Copy out every line of the data exactly; do not include the images.

_Source data_:
○ ○ ○ ○

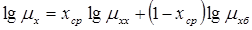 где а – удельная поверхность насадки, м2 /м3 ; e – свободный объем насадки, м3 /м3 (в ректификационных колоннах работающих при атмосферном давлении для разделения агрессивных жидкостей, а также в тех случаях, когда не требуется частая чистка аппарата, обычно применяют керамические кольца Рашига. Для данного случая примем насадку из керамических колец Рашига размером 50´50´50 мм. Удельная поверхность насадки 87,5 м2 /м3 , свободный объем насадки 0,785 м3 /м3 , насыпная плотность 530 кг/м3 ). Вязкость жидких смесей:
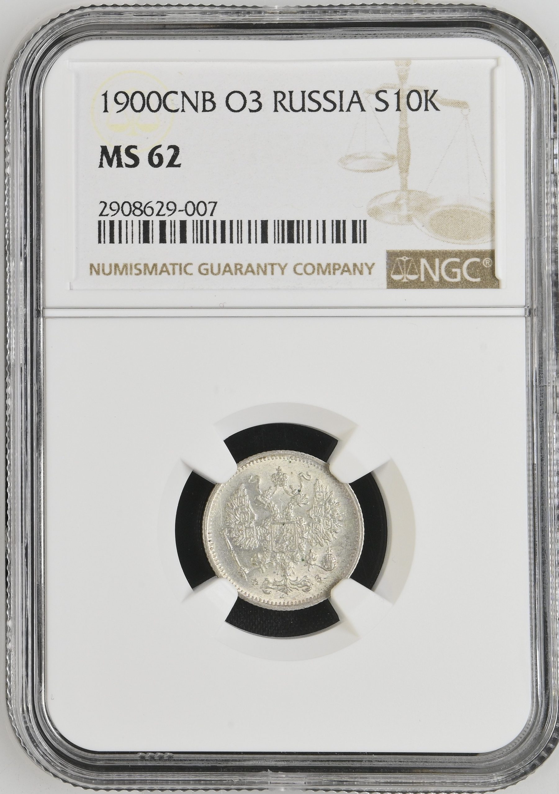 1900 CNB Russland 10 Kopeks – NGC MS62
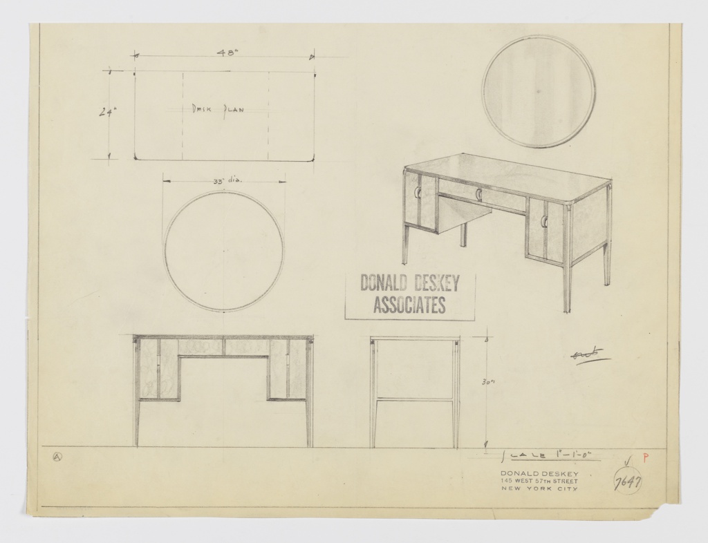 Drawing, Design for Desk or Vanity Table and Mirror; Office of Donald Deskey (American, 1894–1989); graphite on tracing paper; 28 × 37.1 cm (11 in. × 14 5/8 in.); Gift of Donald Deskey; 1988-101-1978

○ ○ ○ ○

_Answer box_:
 где а – удельная поверхность насадки, м2 /м3 ; e – свободный объем насадки, м3 /м3 (в ректификационных колоннах работающих при атмосферном давлении для разделения агрессивных жидкостей, а также в тех случаях, когда не требуется частая чистка аппарата, обычно применяют керамические кольца Рашига. Для данного случая примем насадку из керамических колец Рашига размером 50´50´50 мм. Удельная поверхность насадки 87,5 м2 /м3 , свободный объем насадки 0,785 м3 /м3 , насыпная плотность 530 кг/м3 ). Вязкость жидких смесей:
 1900 CNB Russland 10 Kopeks – NGC MS62
 Drawing, Design for Desk or Vanity Table and Mirror; Office of Donald Deskey (American, 1894–1989); graphite on tracing paper; 28 × 37.1 cm (11 in. × 14 5/8 in.); Gift of Donald Deskey; 1988-101-1978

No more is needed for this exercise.